┌─ Records

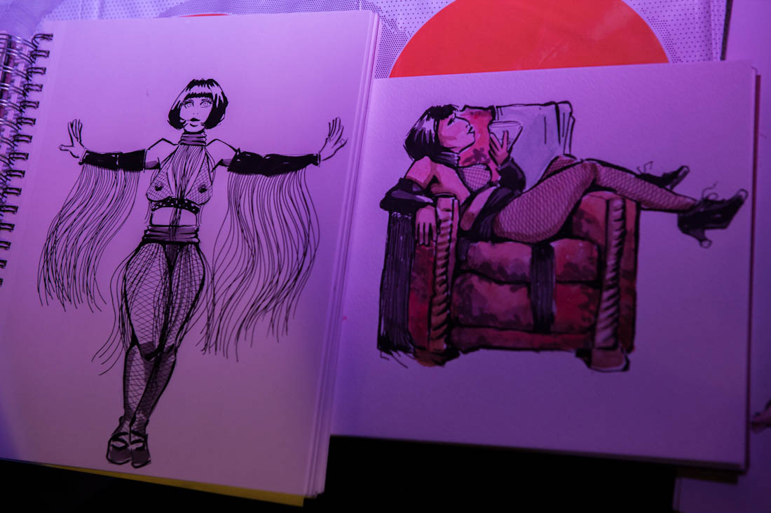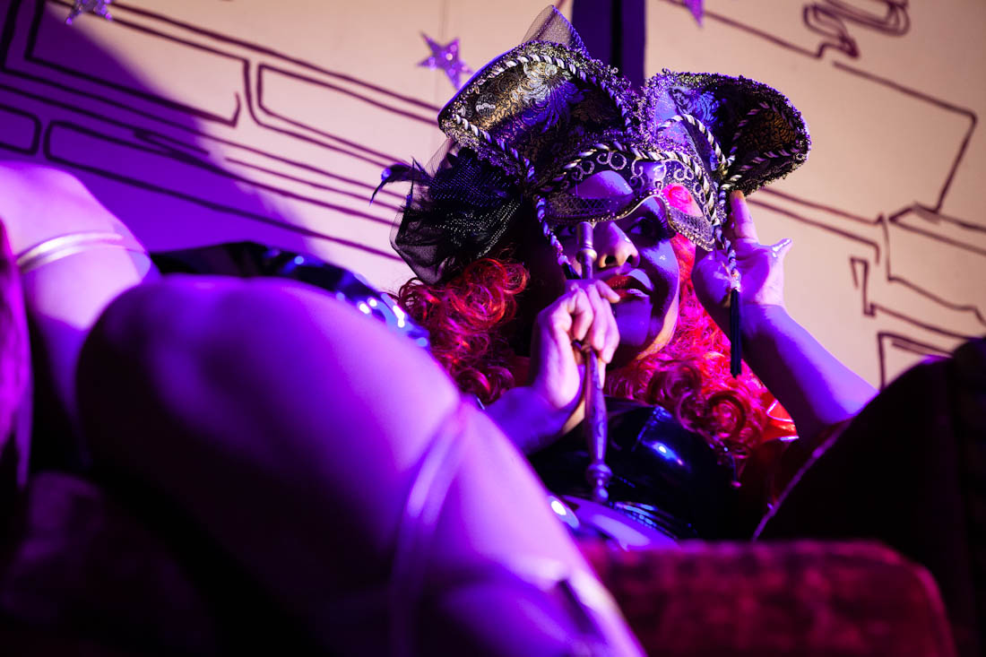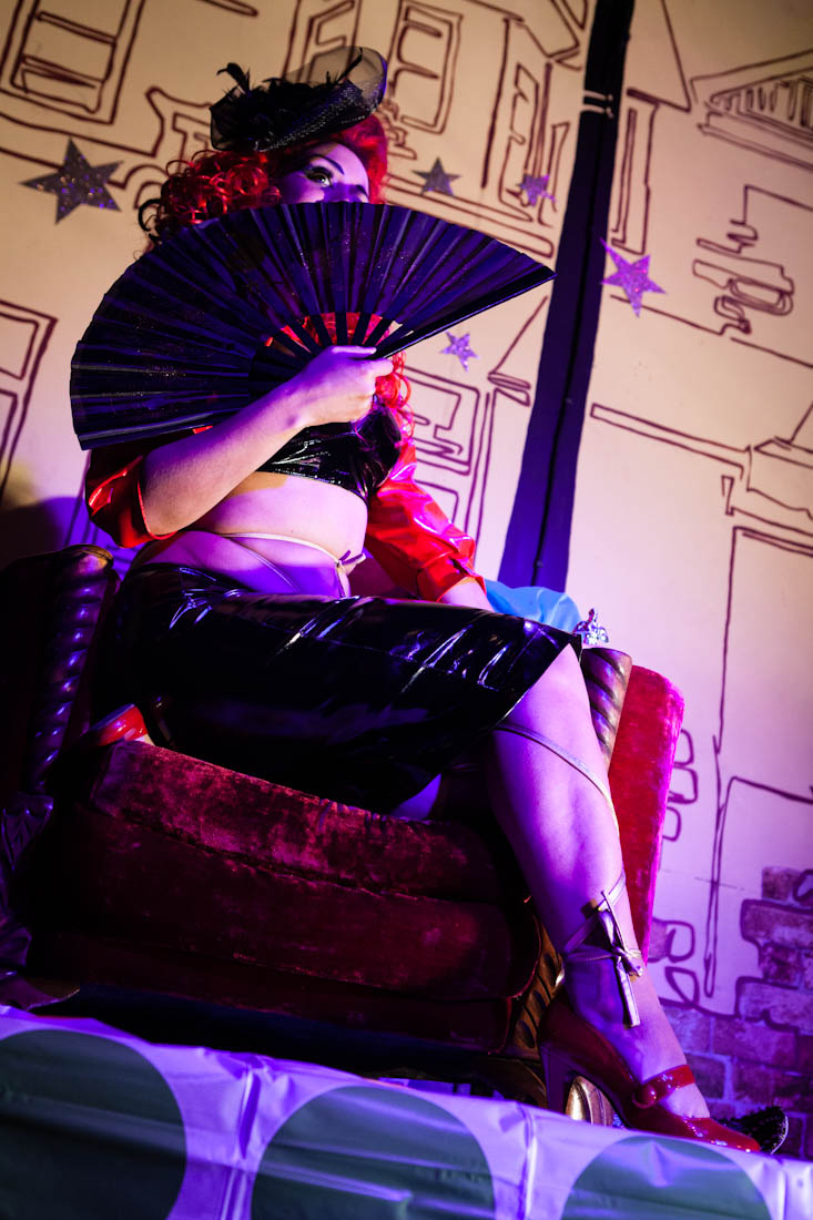 Obskyura entered the room in big, red hair and a shiny, skintight outfit to match. She has no problem drawing eyes on her.
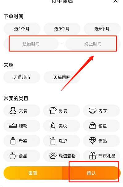3、接着,输入起始时间与终止时间,点击确认即可搜索。
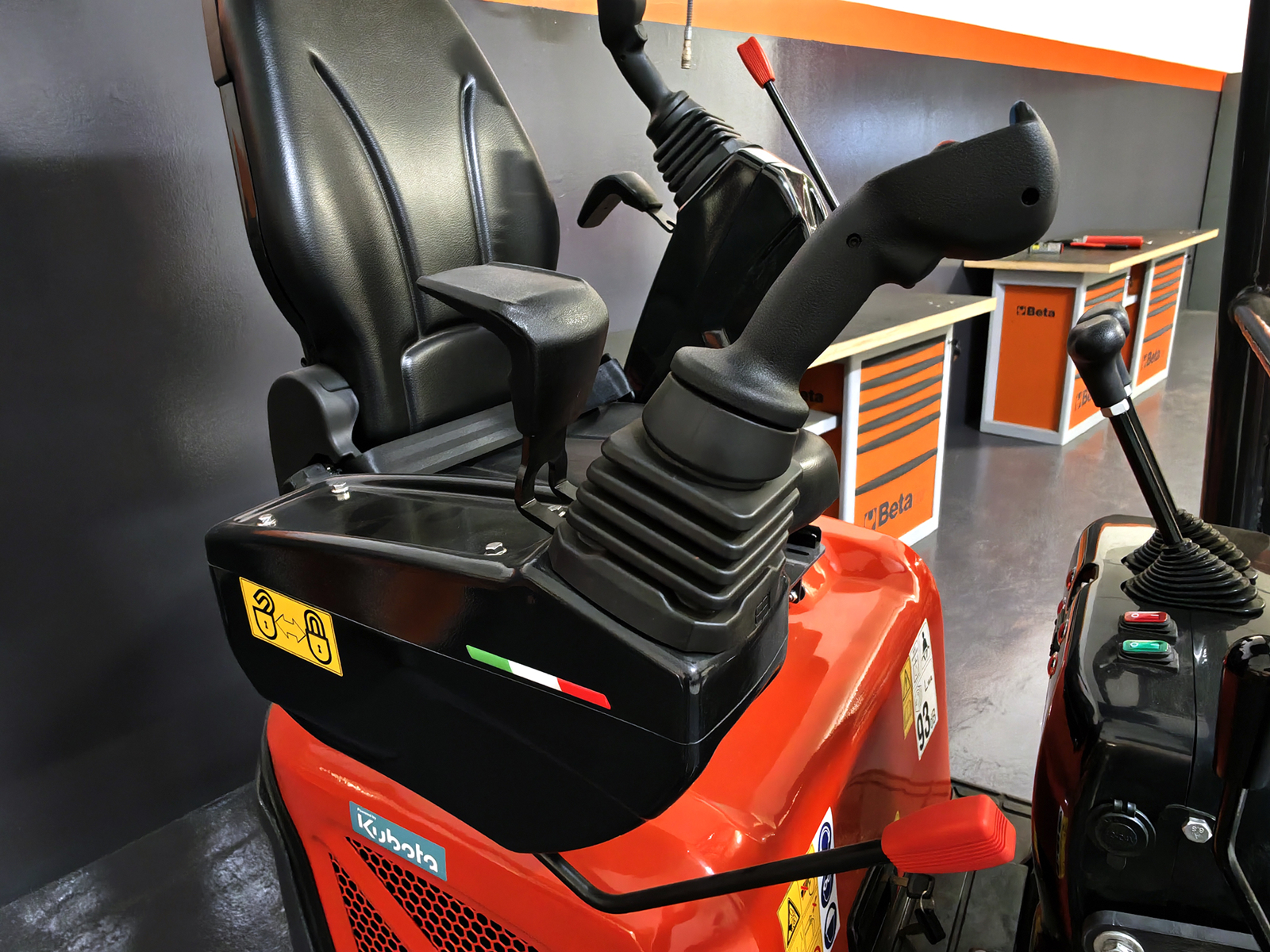 Les joysticks latéraux ergonomiques Made in Italy offrent une position de conduite naturelle et un contrôle précis, tandis que le distributeur hydraulique italien assure des mouvements fluides et constants, même sous charge.
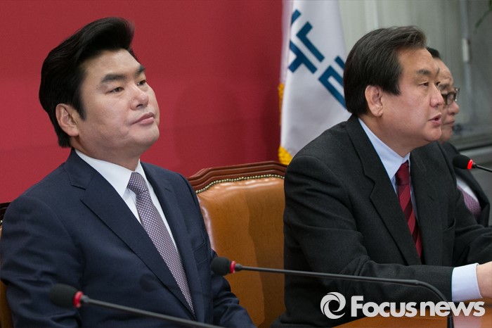 (서울=포커스뉴스) 김무성(가운데) 새누리당 대표가 21일 오전 서울 여의도 국회에서 열린 최고위원회의에 참석해 모두발언하는 동안, 원유철(왼쪽) 원내대표가 경청하고 있다.
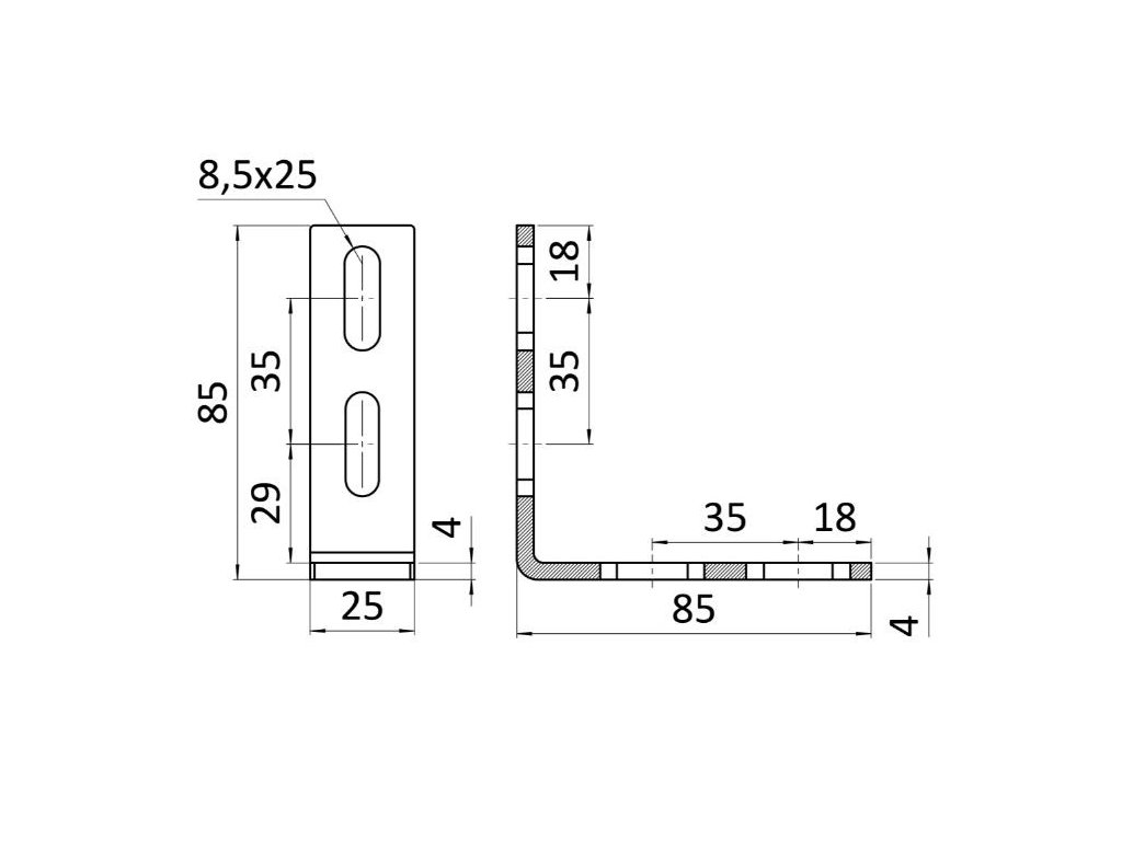 Tento montážní úhelník je určen ke spojování montážních nosníků a konzol podúhlem 90° .Spojení úhelníku s nosníkem nebo konzolou se provádí pomocí metrického šroubu, podložky a jezdce, což zajišťuje pevné a spolehlivé uchycení.

└─

What you have to do: Leave every picture out and set down exactly the lines running from the one with "Les joysticks latéraux" to the last line of the material above.

Reply:
 Les joysticks latéraux ergonomiques Made in Italy offrent une position de conduite naturelle et un contrôle précis, tandis que le distributeur hydraulique italien assure des mouvements fluides et constants, même sous charge.
 (서울=포커스뉴스) 김무성(가운데) 새누리당 대표가 21일 오전 서울 여의도 국회에서 열린 최고위원회의에 참석해 모두발언하는 동안, 원유철(왼쪽) 원내대표가 경청하고 있다.
 Tento montážní úhelník je určen ke spojování montážních nosníků a konzol podúhlem 90° .Spojení úhelníku s nosníkem nebo konzolou se provádí pomocí metrického šroubu, podložky a jezdce, což zajišťuje pevné a spolehlivé uchycení.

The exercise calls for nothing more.